Estate planning strategies such as family limited partnerships and gifts to charitable trusts are part of an estate planning professional’s toolbox to achieve client goals such as minimizing taxes, effectuating philanthropic plans, teaching younger generations about a family business and passing on wealth. In the best-case scenario, attorneys and their clients have time to review how the plan will work, allow younger generations to evaluate their role in the plan, evaluate the goals it will achieve, and recognize any risks associated with the plan. Whether a client’s estate is of a significant amount or of a more modest size, recent experience with COVID-19 highlights the need for individuals to take care of their planning while they have time to consider all issues involved versus rushing to implement a plan when there is a serious illness or fear of one driving their actions.

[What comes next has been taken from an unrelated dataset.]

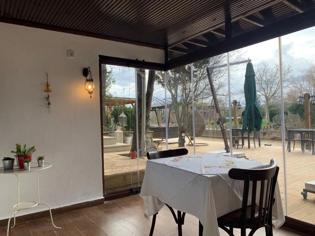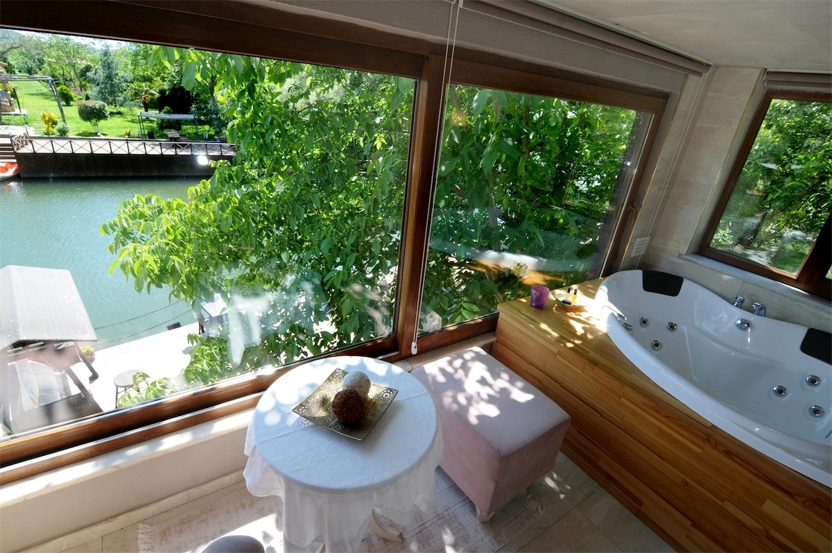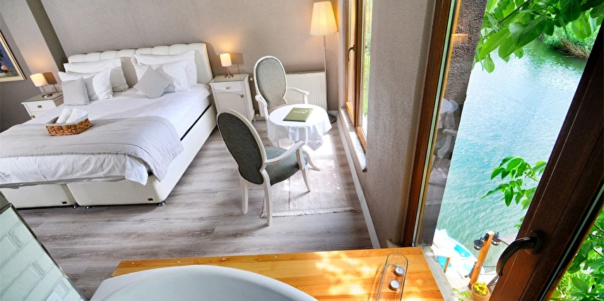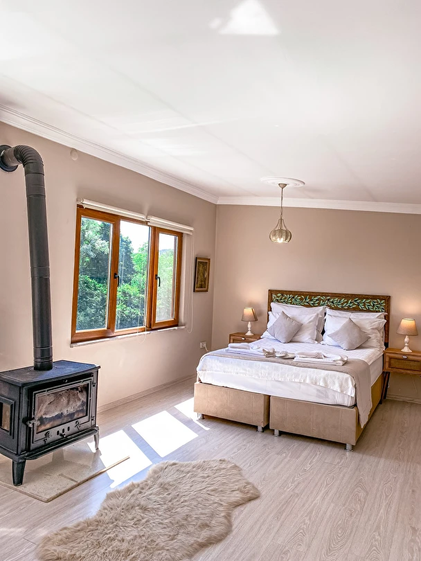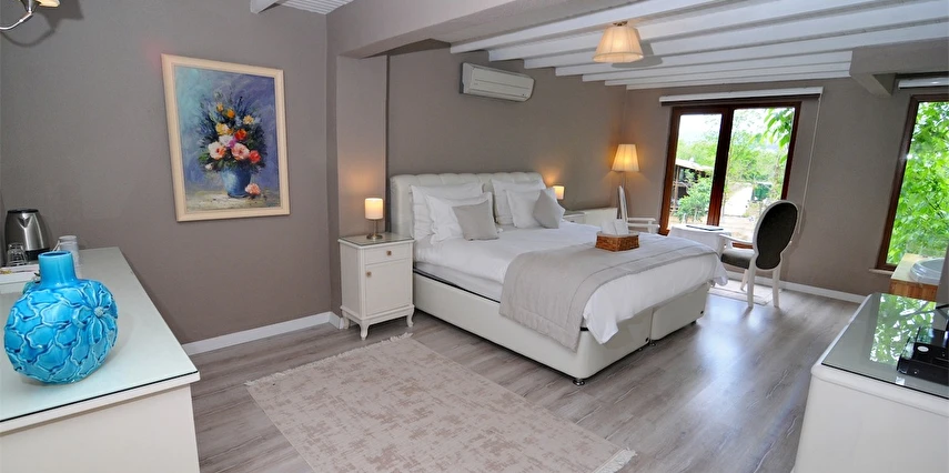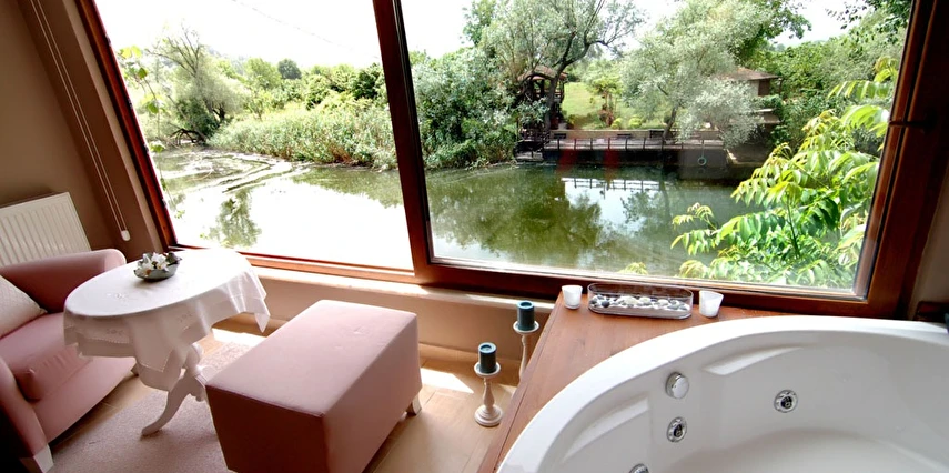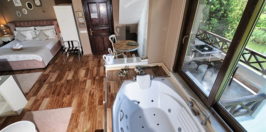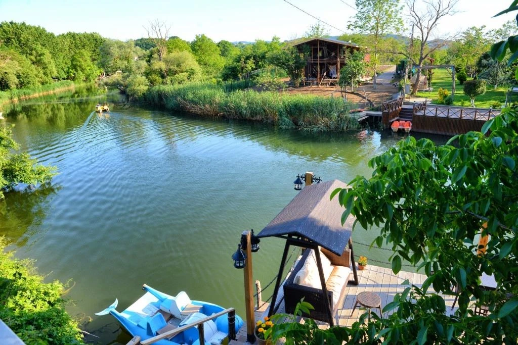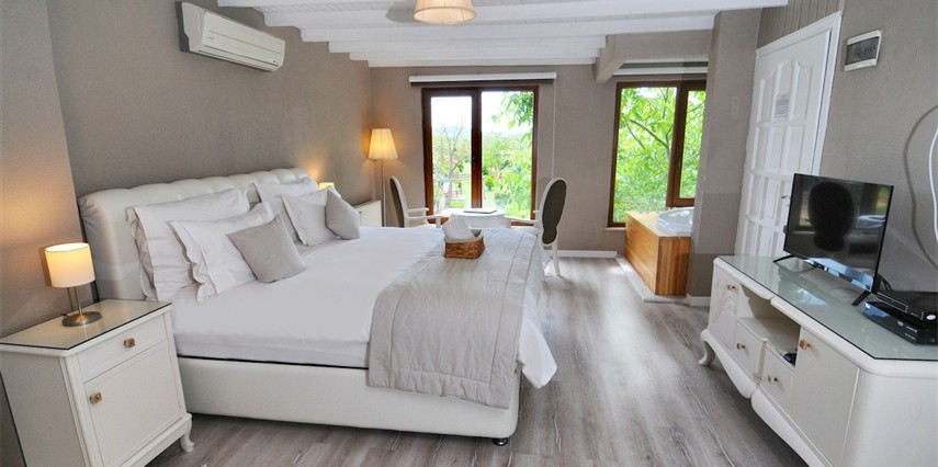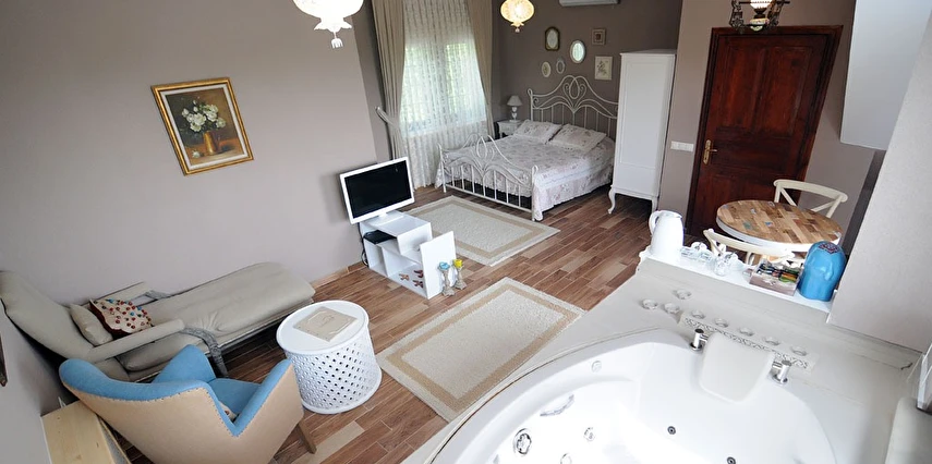Daha Fazla GösterGöksu Nehri’nin tam kıyısında, doğa ile iç içe dinlendirici bahçe ve ahşap iskelesi, şömineli özel restoranı ve birbirinden farklı ve özenle döşenmiş, nehir manzaralı, konforlu odalarıyla hizmet veren Beyaz Ev Ağva Otel, sessiz, sakin ve huzurlu bir atmosfer sunuyor. 3 adet jakuzili ve şömineli süit oda, 4 adet jakuzili süit oda ve 2 adet standart oda mevcut. Tesisin tüm odaları nehir manzaralı olup, zengin bir serpme kahvaltı ile misafirlerine unutulmaz bir konaklama deneyimi yaşatıyor. Ayrıca Yetişkin Oteli konsepti ile hizmet veren tesiste, akşam yemeği ve gün boyu servis alabileceğin nehir manzaralı ve şömineli a la carte restoran mevcut. Göksu Nehri kıyısında geniş bahçesi ve nehir manzaralı odalarıyla hizmet veren tesis; sessiz, sakin ve huzurlu bir atmosferde misafirlerini ağırlıyor. Şehrin karmaşasından biraz uzaklaşmak ve doğa ile iç içe olup huzurlu birkaç gün geçirmek isteyen misafirler tarafından sıklıkla tercih edilen Beyaz Ev Ağva, Ağva’nın en güzel yerlerinden birinde misafirlerini ağırlıyor. Göksu Nehri kıyısında yer alan tesis, huzur dolu ve dinlendirici bir ahşap iskele ve bahçeye sahip. Sessiz ve sakin atmosferinin yanı sıra güler yüzlü personelleri ve kaliteli hizmet anlayışıyla da öne çıkan tesis,nehir manzaralı odalarında konforlu bir konaklama deneyimi vadediyor. Yetişkin oteli olarak hizmet veren Beyaz Ev Ağva, 16 yaş üstü misafirleri ağırlıyor. Modern şekilde dekore edilmiş odalarında şık bir ortam sunan tesiste 7 süit ve 2 standart oda yer alıyor. Misafirler tesisin jakuzili odalarında konaklamayı tercih ederek tatiline renk katabilir. Tesiste konaklayan misafirler lezzetli bir kahvaltı ile güne başlayabilir. Romantik bir tatil için Beyaz Ev Ağva’ya gelen misafirler, nehir kıyısındaki dinlenme alanlarında keyifle zaman geçirebilir. Misafirler, nehirde tekne turu yapabilir ya da Ağva Plajı’na gidebilir. Göksu Nehri kıyısında geniş bahçesi ve nehir manzaralı odalarıyla hizmet veren tesis; sessiz, sakin ve huzurlu bir atmosferde misafirlerini ağırlıyor.

These concerns are magnified, of course, when one must consider federal estate and gift tax issues. A recent memorandum opinion by the U.S. Tax Court provides an example of a last-minute, complex plan that may have been doomed from the start or headed off the rails in its implementation. See Estate of Howard V. Moore v. Commissioner of Internal Revenue, Docket Nos. 21209-09, 22082-09 (U.S. Tax Ct. April 7, 2020).

Background

Howard Moore, the decedent, owned a large amount of property and operated a successful farm. Moore was admitted to the hospital with a critical illness in December 2004 and was discharged to hospice care that same month with advice that he only had a short time to live. Within a matter of days, Moore contacted an attorney who was able to design an estate plan consisting of a family limited partnership (FLP), a living trust, a charitable lead annuity trust, a trust for his adult children, a management trust that acted as the general partner of the FLP and an “Irrevocable Trust No. 1”designed to act as a conduit for the transfer of funds from the FLP to a charitable foundation. The decedent survived for a few months after creating these entities, but succumbed to his illness in March 2005. At the time he died, assuming no taxable gifts during a person’s lifetime, the amount excluded from federal estate tax for an individual amounted to $1,5 million. With somewhere between $8 to $20 million in his estate and a top estate tax rate of 47% at the time, the goal of saving estate taxes must have seemed important enough to pay his attorney $320,000 for designing the plan.